Sports

CK’s Smith released from NLI at Virginia, reopens recruitment

Bria Smith is in search of a new college destination.

The Christ the King girls basketball star told The Post she has was released Tuesday from her National Letter of Intent at the University of Virginia and is reopening her recruitment. Smith chose to attend the ACC school to play for legendary coach Debbie Ryan, who announced earlier this month that she will be stepping down at season’s end.

“It will be hard just opening up the options again, getting everybody to talk to you again,” said Smith, the No. 8 ranked recruit in the country by HoopGurlz. “I feel like it is kind of like a second chance at this even though UVA I felt was the school I would have the most fun at and play under Coach Ryan. But as we all know that didn’t work out.”

The McDonald’s All-American guard found out the news when Ryan called her hours before the Royals’ CHSAA Class AA state semifinal game against St. John the Baptist on March 12. Smith said she was shocked and taken aback by it and immediately began to worry about her future, not knowing at the time she would ask for a release.

Despite her parents calming her down and telling her otherwise, New York’s Miss Basketball admitted her mind still wasn’t right during the game, but she didn’t want to use it as an excuse. Smith struggled to score and eventually fouled out late in the fourth quarter of a 55-52 win. The Royals finished the season 21-9 after falling to nationally ranked Nazareth in the final.

“I was a mess before the game,” she said of the contest against SJB. “I was thinking too much.”

Smith believed she had found the place to continue her career. Ryan, who had been the Virginia head coach for 34 years, is a Hall of Famer and one of just eight active Division I women’s basketball coaches with 700 or more wins.
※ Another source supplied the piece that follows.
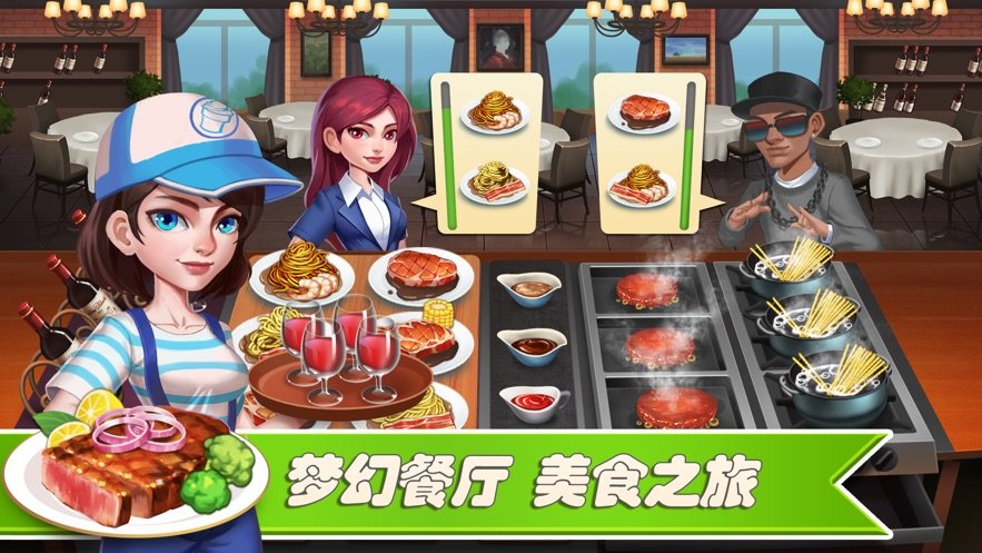 升级厨房,好的烹饪道具可以帮助厨师更好的烹饪食材,装扮餐厅吸引更多的顾客,还能获得额外的金币和成就,成为明星餐厅。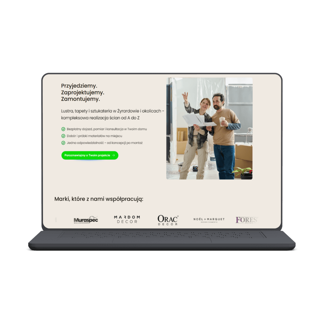 System online zbudowany od zera dla studia projektowego które wyróżnia się na rynku unikalnym modelem – oprócz projektowania dostarcza i montuje własne tapety, lustra i sztukaterie. Jeden zespół, jedna odpowiedzialność od koncepcji po finalny efekt. Efekt: TOP 3 w lokalnych wyszukiwaniach w Żyrardowie po 14 dniach od startu, 6 telefonów z wizytówki w pierwszym tygodniu.

She guided the Cavaliers to 24 NCAA tournament appearances and three consecutive Final Fours from 1990-92. UVA is set to host Boston College on March 24 in the third round of the WNIT. Ryan said in the university press release that: “I am not retiring per se, but I feel we have not lived up to my own standards and expectations this past year and I want to do what is best for our program and the University.”

“It was her experience and her working with other greats inside the game,” Smith said of what drew her to Ryan. “I felt like she could teach me a lot. That was the reason I was going to UVA.”

Back in August, as first reported by The Post, she chose Virginia over Louisville and Georgia. Smith said that she doesn’t have a starting point this time around and didn’t rule out going back to UVA after a new coach is hired, stating that there is a chance for anything right now.